● The problem
Pictures stay out. Everything else in the listing below gets written out exactly.

● Information shown
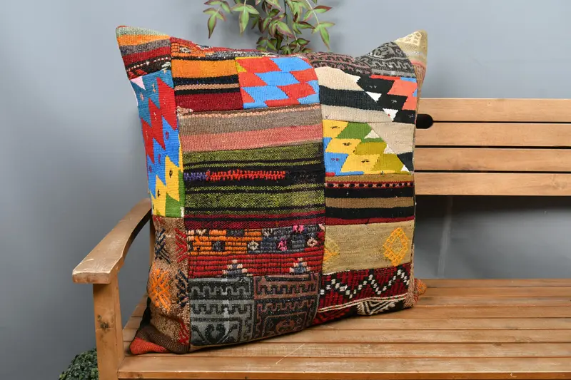 Regenbogen-Patchwork-Wurfkissen, 28x28 besticktes Kissen
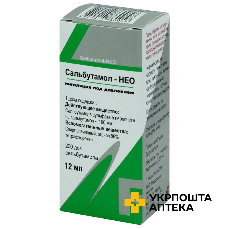 Сальбутамол нео аерозоль д/інг. 100 мкг/доза 200.доз Мікрофарм (Україна)
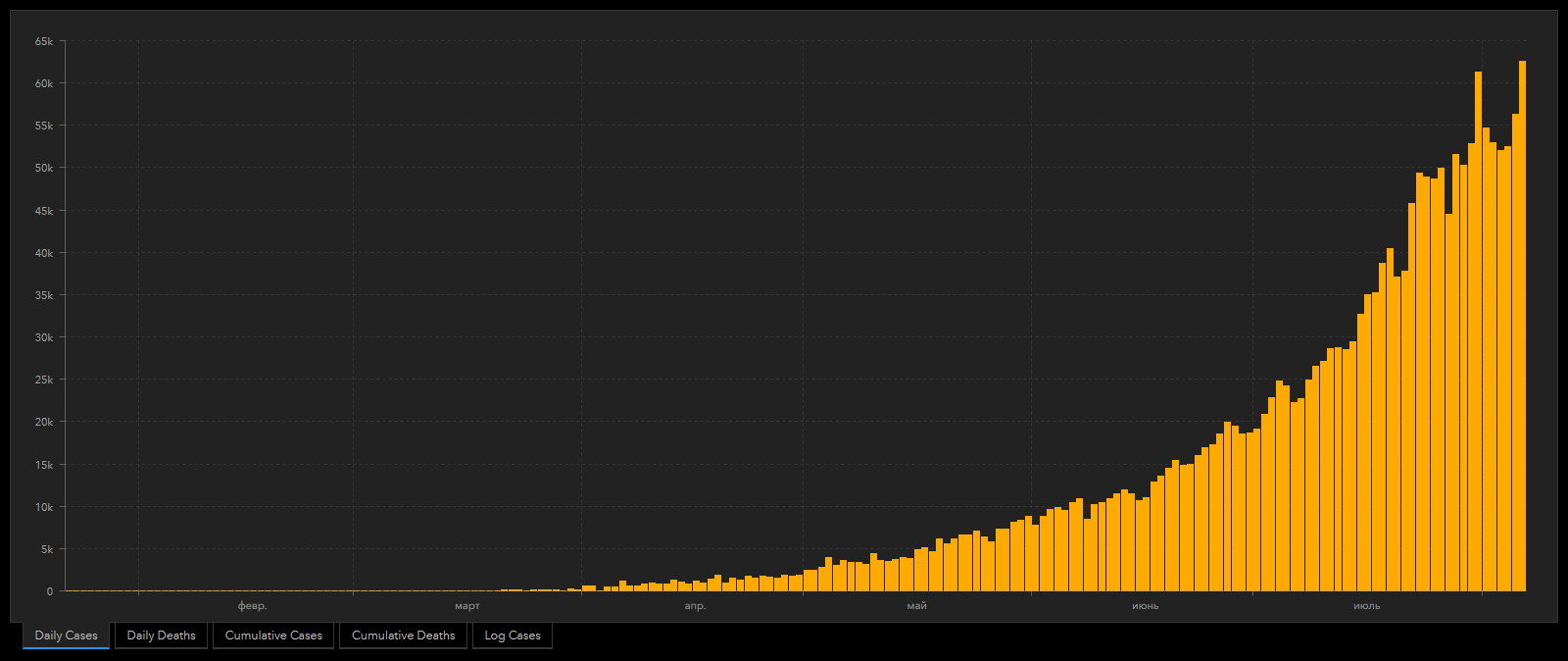 Россия остается на четвертом месте в мире по числу заражений и на 11-м — по количеству смертей. Всего коронавирусом заразились более 19 млн жителей планеты, умерли — 714 тыс. Всемирная организация здравоохранения предупредила об ускорении темпов распространения вируса.
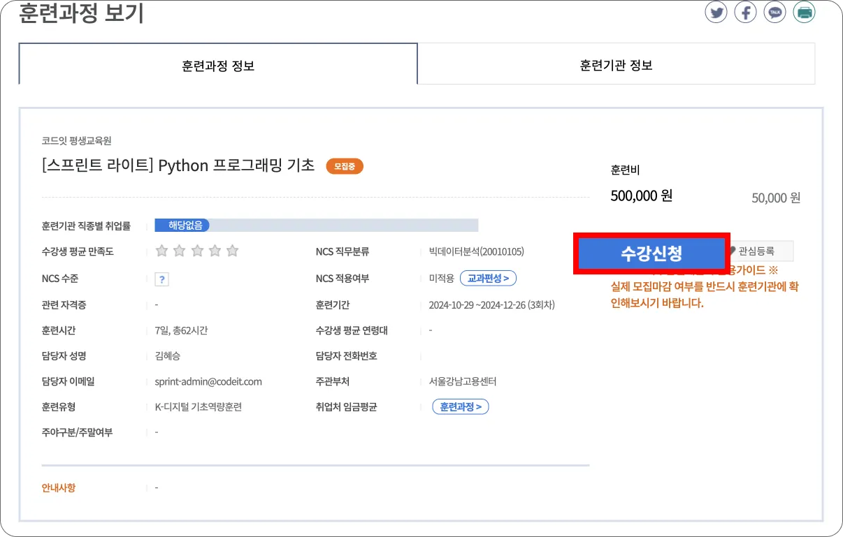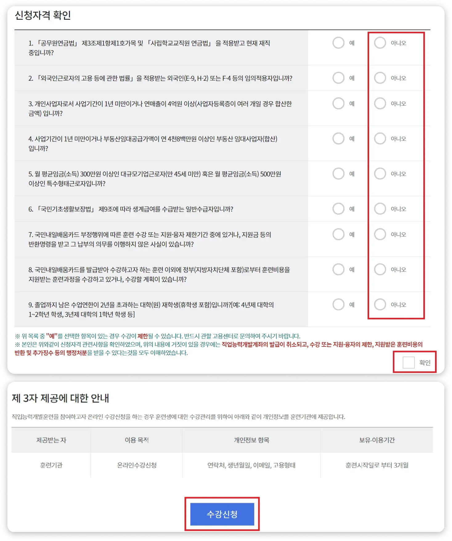 유의사항에 동의한 후, 수강 신청 정보와 신청 자격을 확인해주세요.

● Exercise output
 Regenbogen-Patchwork-Wurfkissen, 28x28 besticktes Kissen
 Сальбутамол нео аерозоль д/інг. 100 мкг/доза 200.доз Мікрофарм (Україна)
 Россия остается на четвертом месте в мире по числу заражений и на 11-м — по количеству смертей. Всего коронавирусом заразились более 19 млн жителей планеты, умерли — 714 тыс. Всемирная организация здравоохранения предупредила об ускорении темпов распространения вируса.
 유의사항에 동의한 후, 수강 신청 정보와 신청 자격을 확인해주세요.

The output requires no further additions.